Skyrms suggests that a probabilistic model is well-confirmed for an agent to the extent that the agent's corresponding degrees of belief are resilient. It's certainly true that accepting a probabilistic model goes along not only with aligning one's credences with the model's probabilities, but also with making those credences highly resilient. Arguably that is why well confirmed probabilistic models are almost never just confirmed by frequency data. Mere frequency information would not make our credence resilient.

The problem is how to make sense of this effect in the framework of Bayesian confirmation theory. Skyrms rejects the whole idea of objective (physical) probability. On his view, it is wrong to speak of our credence in probabilistic models and about how that credence changes in response to evidence.

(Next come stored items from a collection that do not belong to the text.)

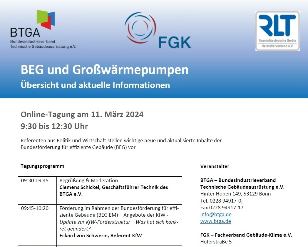 Der Bundesindustrieverband Technische Gebäudeausrüstung e.V. (BTGA, www.btga.de) wird gemeinsam mit dem Fachverband Gebäude-Klima e.V. (FGK, www.fgk.de) und dem Herstellerverband Raumlufttechnische Geräte e.V. (RLT-Herstellerverband, www.rlt-geraete.de) ein Online-Seminar "Bundesförderung für effiziente Gebäude (BEG) - Übersicht und aktuelle Informationen" durchführen. Das kostenfreie Seminar findet am 26. April 2023 von 10:00 bis 12:30 Uhr statt. Sachverständige des Bundesamtes für Wirtschaft und Ausfuhrkontrolle (BAFA, www.bafa.de) und der KfW (www.kfw.de) werden die Fördermöglichkeiten im Rahmen der BEG und die aktuellen Anpassungen der Förderprogramme vorstellen. Praktische Einblicke in die Umsetzung werden Fachleute aus der Wirtschaft geben. Weitere Informationen und eine Möglichkeit zur Anmeldung finden Sie unter www.btga.de > Veranstaltungen.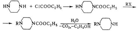 -45,63 кДж/моль; m 4,90· 10 -30 Кл·м. Пиперазин обладает св-вами вторичных алифатич. аминов. Р-ции алкилирования (в т.ч. кватернизация), ацилирования, нитрозирования, хлорирования и др. идут обычно сразу по обоим атомам N. Для получения монозамещенных пиперазина используют блокирование одного атома N легко удаляемым заместителем, напр.: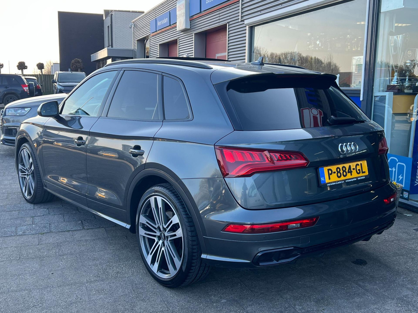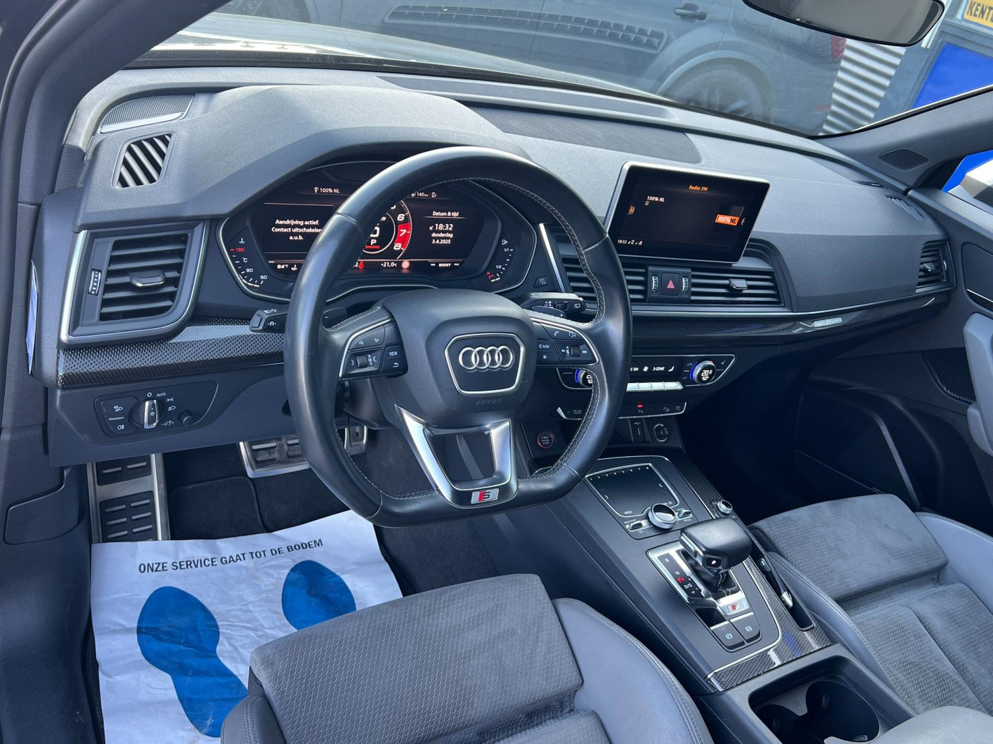 Zeer mooie en compete Audi 3.0 V6 SQ5 met mooie opties zoals een elektrisch schuif/kantel panoramadak, luchtvering, 21 inch licht metalen velgen, Stoel en achterbank verwarming, keyless entry, achterklep met servosluiting, inleg carbon, led koplampen enz enz..

For Skyrms, to say that H is well confirmed is really to say that the subjective probability of heads being 1/2 is resilient.

Skyrms's solution is too radical for my taste. I'd like to think that probabilistic hypotheses are genuine hypotheses that can be tested and believed. But this makes it mysterious why confirmation of such hypotheses would go along with resilience of the corresponding degrees of belief: why is your credence in H proportional to the resilience of your credence in heads?